(Dataset section)
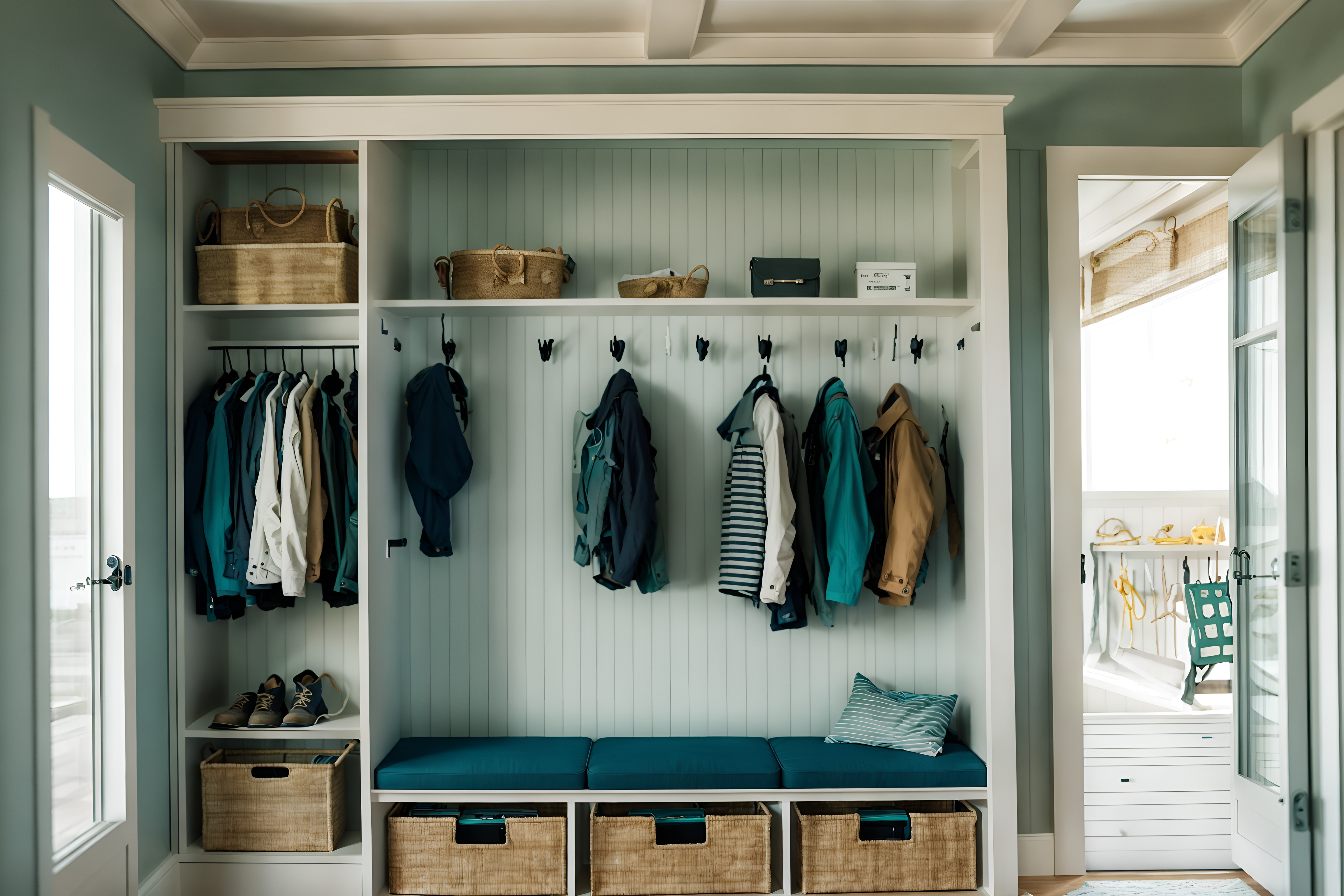 photo from pinterest of coastal-style interior designed (drop zone interior) with storage baskets and cabinets and shelves for shoes and wall hooks for coats and storage drawers and high up storage and a bench and lockers. . with . . cinematic photo, highly detailed, cinematic lighting, ultra-detailed, ultrarealistic, photorealism, 8k. trending on pinterest. coastal interior design style. masterpiece, cinematic light, ultrarealistic+, photorealistic+, 8k, raw photo, realistic, sharp focus on eyes, (symmetrical eyes), (intact eyes), hyperrealistic, highest quality, best quality, , highly detailed, masterpiece, best quality, extremely detailed 8k wallpaper, masterpiece, best quality, ultra-detailed, best shadow, detailed background, detailed face, detailed eyes, high contrast, best illumination, detailed face, dulux, caustic, dynamic angle, detailed glow. dramatic lighting. highly detailed, insanely detailed hair, symmetrical, intricate details, professionally retouched, 8k high definition. strong bokeh. award winning photo.
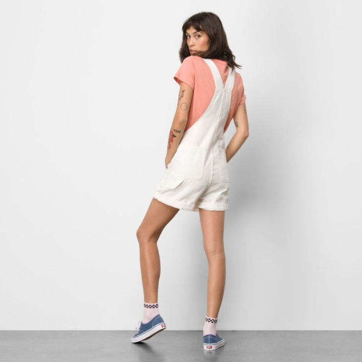 The Ground Work Shortall is a 100% cotton canvas workwear-inspired short overall with classic carpenter-style pockets and a relaxed fit. Novelty stitch details, metal fasteners, and a simple logo patch round out the utilitarian design. Model is 5 feet 9 inches tall, has a 23-inch waist, and is wearing a size Small. - 100% cotton canvas - Workwear-inspired short overalls - Carpenter-style pockets - Relaxed fit - Novelty stitch details - Metal fasteners - Inseam: 2.5 inches - Leg opening: 23.5 inches
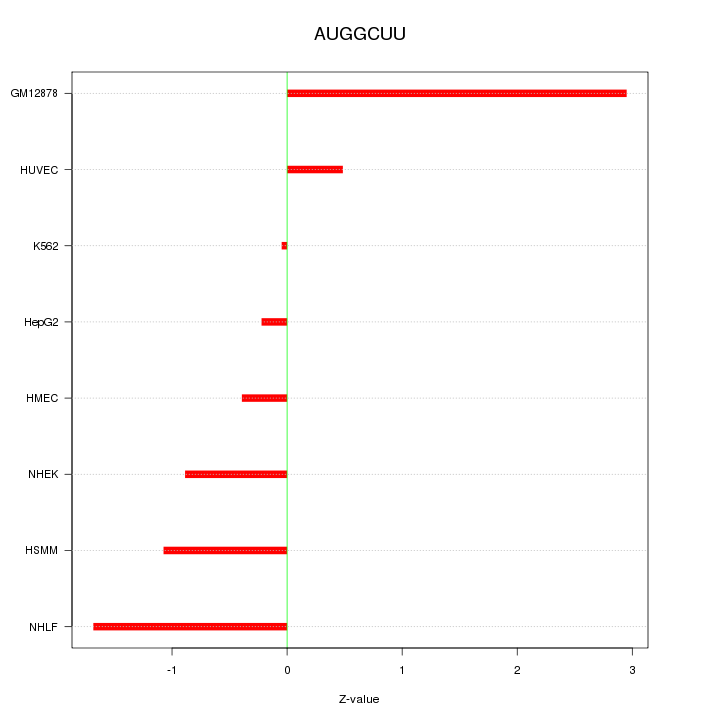 Sorted Z-values for motif AUGGCUU
(End Dataset section)
▶ _Directions for this task_
Only the pictures are dropped when you print the material; everything else is copied exactly.

▶ _Solved exercise_
 photo from pinterest of coastal-style interior designed (drop zone interior) with storage baskets and cabinets and shelves for shoes and wall hooks for coats and storage drawers and high up storage and a bench and lockers. . with . . cinematic photo, highly detailed, cinematic lighting, ultra-detailed, ultrarealistic, photorealism, 8k. trending on pinterest. coastal interior design style. masterpiece, cinematic light, ultrarealistic+, photorealistic+, 8k, raw photo, realistic, sharp focus on eyes, (symmetrical eyes), (intact eyes), hyperrealistic, highest quality, best quality, , highly detailed, masterpiece, best quality, extremely detailed 8k wallpaper, masterpiece, best quality, ultra-detailed, best shadow, detailed background, detailed face, detailed eyes, high contrast, best illumination, detailed face, dulux, caustic, dynamic angle, detailed glow. dramatic lighting. highly detailed, insanely detailed hair, symmetrical, intricate details, professionally retouched, 8k high definition. strong bokeh. award winning photo.
 The Ground Work Shortall is a 100% cotton canvas workwear-inspired short overall with classic carpenter-style pockets and a relaxed fit. Novelty stitch details, metal fasteners, and a simple logo patch round out the utilitarian design. Model is 5 feet 9 inches tall, has a 23-inch waist, and is wearing a size Small. - 100% cotton canvas - Workwear-inspired short overalls - Carpenter-style pockets - Relaxed fit - Novelty stitch details - Metal fasteners - Inseam: 2.5 inches - Leg opening: 23.5 inches
 Sorted Z-values for motif AUGGCUU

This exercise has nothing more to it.